Recently, attention mechanisms have been introduced to encoder-decoder neural frameworks in image captioning. Xu et al. [30] incorporate an attention mechanism to learn a latent alignment from scratch when generating corresponding words. [28, 34] utilize high-level concepts or attributes and inject them into a neural-based approach as semantic attention to enhance image captioning. Yang et al. [32] extend current attention encoder-decoder frameworks using a review network, which captures the global properties in a compact vector representation and are usable by the attention mechanism in the decoder. Yao et al. [33] present variants of architectures for augmenting high-level attributes from images to complement image representation for sentence generation.

To the best of our knowledge, ours is the first work to reason about when a model should attend to an image when generating a sequence of words.

5 Results

5.1 Experiment Settings

We experiment with two datasets: Flickr30k [35] and COCO [16].

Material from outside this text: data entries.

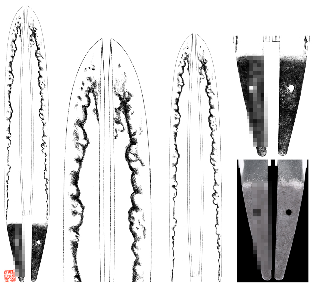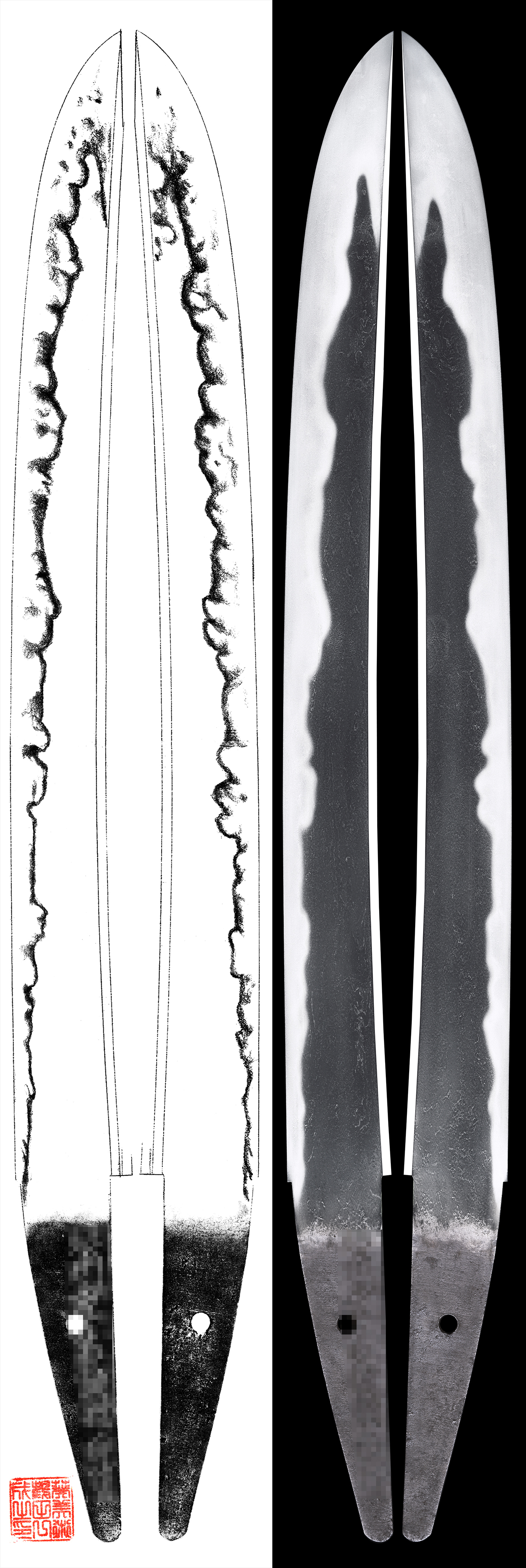 Hamon : Niedeki gunome midare, in Hamon there are sunaagashi and small kinsuji work.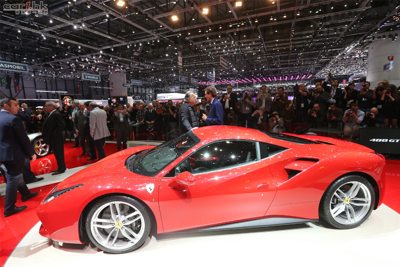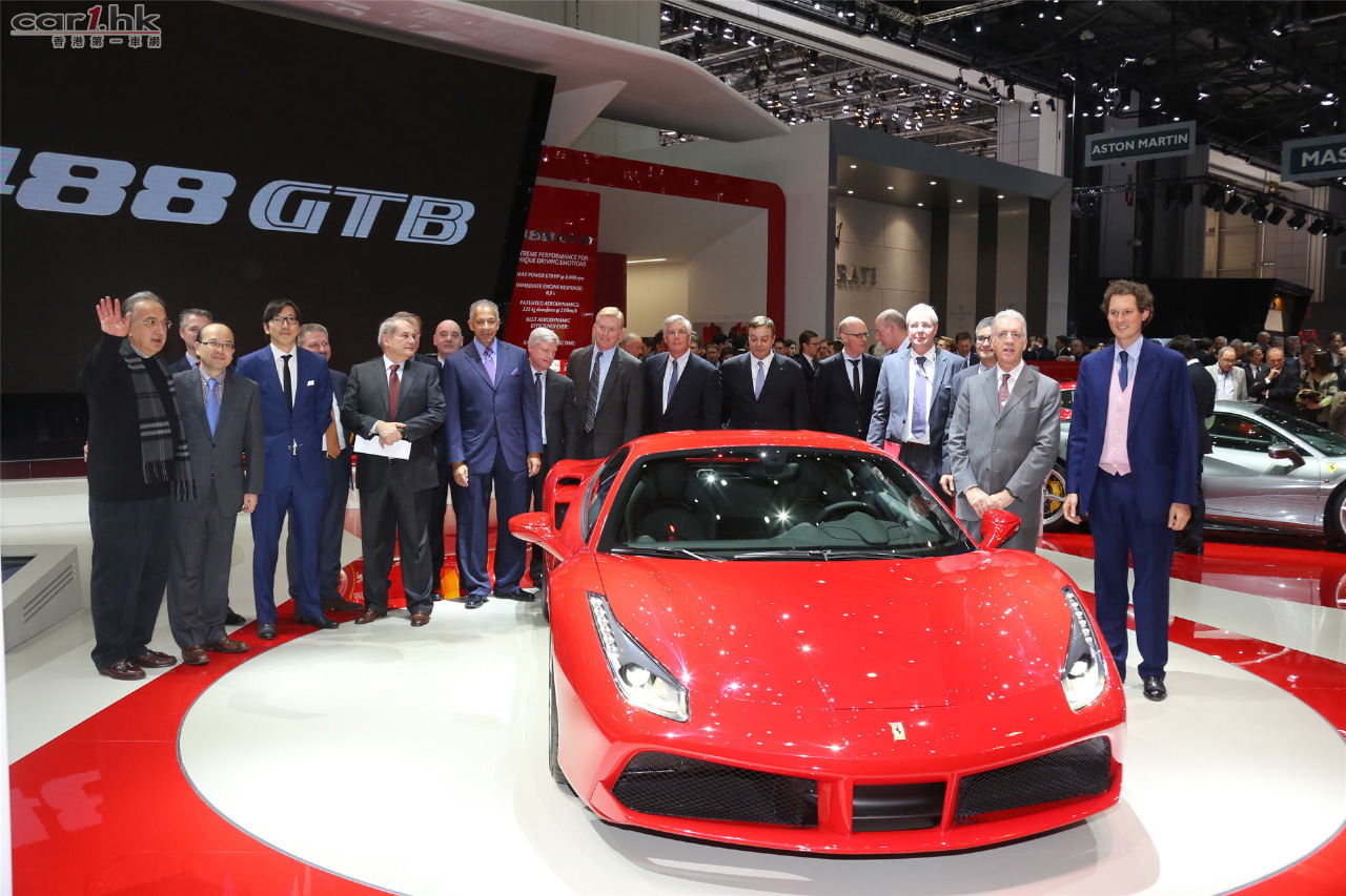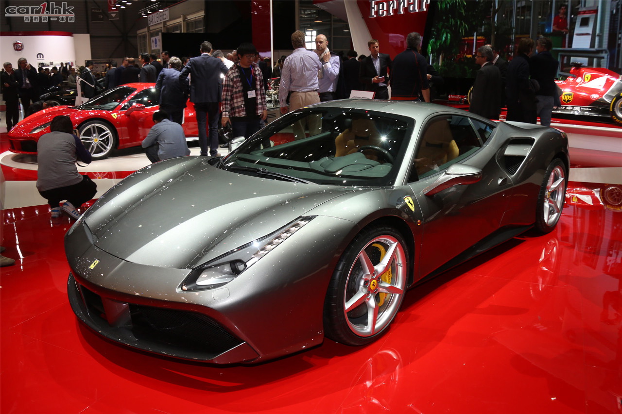 在本次車展首次亮相的兩部法拉利488 GTB中,一輛身披全新賽道紅塗裝,搭配紅黑相間的高科技碳纖維面料內飾,另一輛則以金屬灰塗裝配合傳統黑棕皮革內飾示人。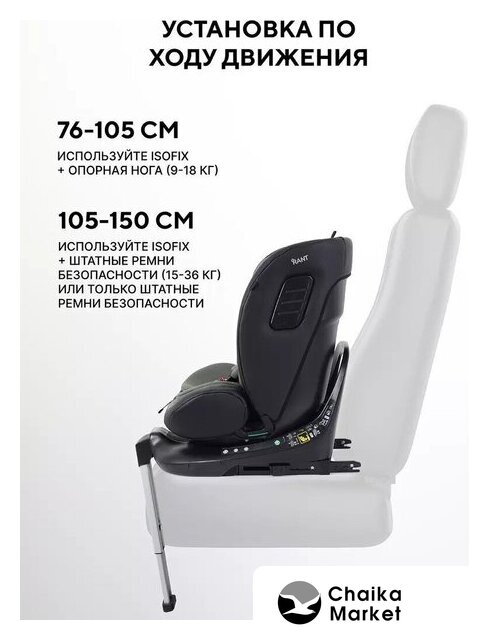 | Крепление | посредством ремней автомобиля, ISOFIX, упор в пол |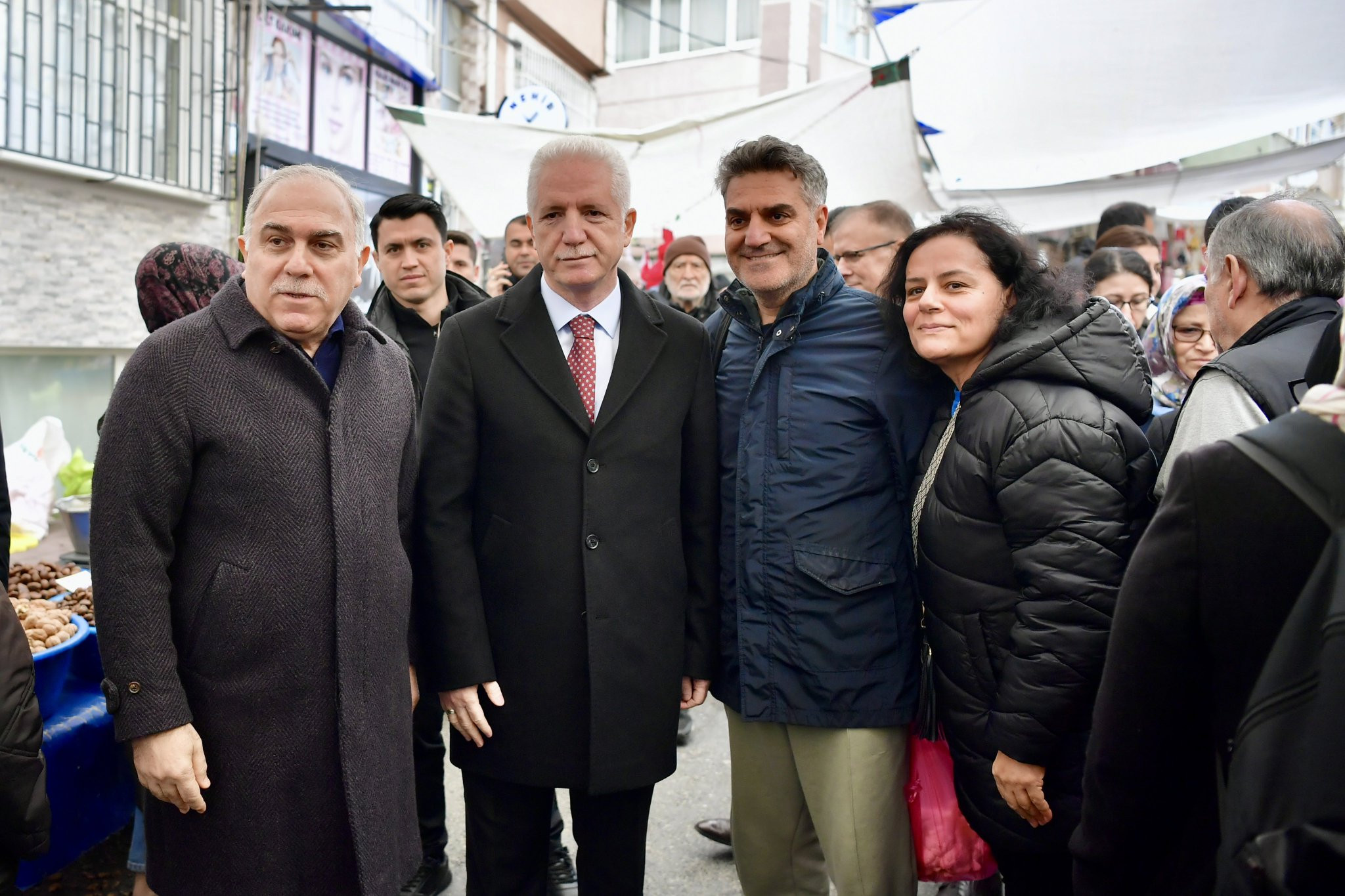 Fatih Belediye Başkanı M. Ergün Turan, İstanbul Valisi Davut Gül ve Fatih Kaymakamı Cafer Sarılı ile birlikte Cumartesi Pazarı’nı ziyaret ederek hemşehrilerimizle bir araya geldi. Ramazan ayının bereketiyle hareketlenen pazar alanında gerçekleşen ziyaret, vatandaşlarımızın günlük hayatının en canlı buluşma noktalarından birinde samimi karşılaşmalara sahne oldu.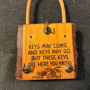 Vintage hanging wood keyholder. Has three metal pegs for keys and two additional holes if you wish to add more pegs. Says: "Keys may come and keys may go, but these keys are here you know"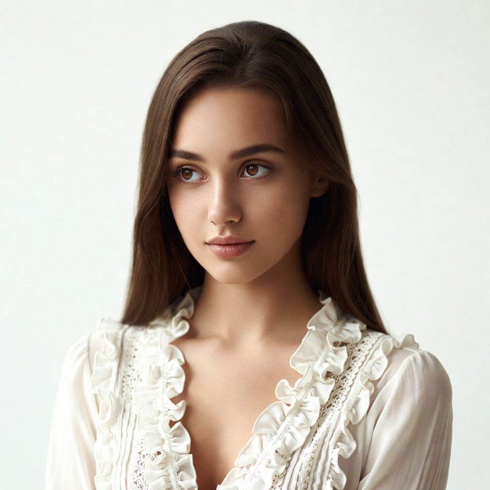 A young woman with long brown hair gazes to the side against a white background. She wears a white lace blouse with ruffled neckline and subtle cleavage. Her expression is soft and natural with light makeup.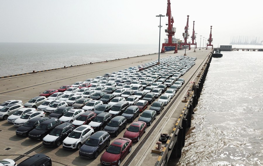 File photo taken on June 27, 2019 shows new cars waiting for shipment at a port in the Lingang area in Shanghai, east China. (Xinhua/Fang Zhe)

Flickr30k contains 31,783 images collected from Flickr. Most of these images depict humans performing various activities. Each image is paired with 5 crowd-sourced captions. We use the publicly available splits111 containing 1,000 images for validation and test each.

COCO is the largest image captioning dataset, containing 82,783, 40,504 and 40,775 images for training, validation and test respectively. This dataset is more challenging, since most images contain multiple objects in the context of complex scenes. Each image has 5 human annotated captions. For offline evaluation, we use the same data split as in [11, 30, 34] containing 5000 images for validation and test each. For online evaluation on the COCO evaluation server, we reserve 2000 images from validation for development and the rest for training.

Pre-processing. We truncate captions longer than 18 words for COCO and 22 for Flickr30k. We then build a vocabulary of words that occur at least 5 and 3 times in the training set, resulting in 9567 and 7649 words for COCO and Flickr30k respectively.

Compared Approaches: For offline evaluation on Flickr30k and COCO, we first compare our full model (Ours-Adaptive) with an ablated version (Ours-Spatial), which only performs the spatial attention. The goal of this comparison is to verify that our improvements are not the result of orthogonal contributions (e.g. better CNN features or better optimization). We further compare our method with DeepVS [11], Hard-Attention [30] and recently proposed ATT [34], ERD [32] and best performed method (LSTM-A) of MSM [33]. For online evaluation, we compare our method with Google NIC [27], MS Captivator [8], m-RNN [18], LRCN [7], Hard-Attention [30], ATT-FCN [34], ERD [32] and MSM [33].

a little girl sitting on a bench holding an umbrella. a herd of sheep grazing on a lush green hillside. a close up of a fire hydrant on a sidewalk.
a yellow plate topped with meat and broccoli. a zebra standing next to a zebra in a dirt field. a stainless steel oven in a kitchen with wood cabinets.
two birds sitting on top of a tree branch. an elephant standing next to rock wall. a man riding a bike down a road next to a body of water.
Figure 4: Visualization of generated captions and image attention maps on the COCO dataset. Different colors show a correspondence between attended regions and underlined words. First 2 columns are success cases, last columns are failure examples. Best viewed in color.

5.2 Quantitative Analysis

We report results using the COCO captioning evaluation tool [16], which reports the following metrics: BLEU [21], Meteor [5], Rouge-L [15] and CIDEr [26]. We also report results using the new metric SPICE [1], which was found to better correlate with human judgments.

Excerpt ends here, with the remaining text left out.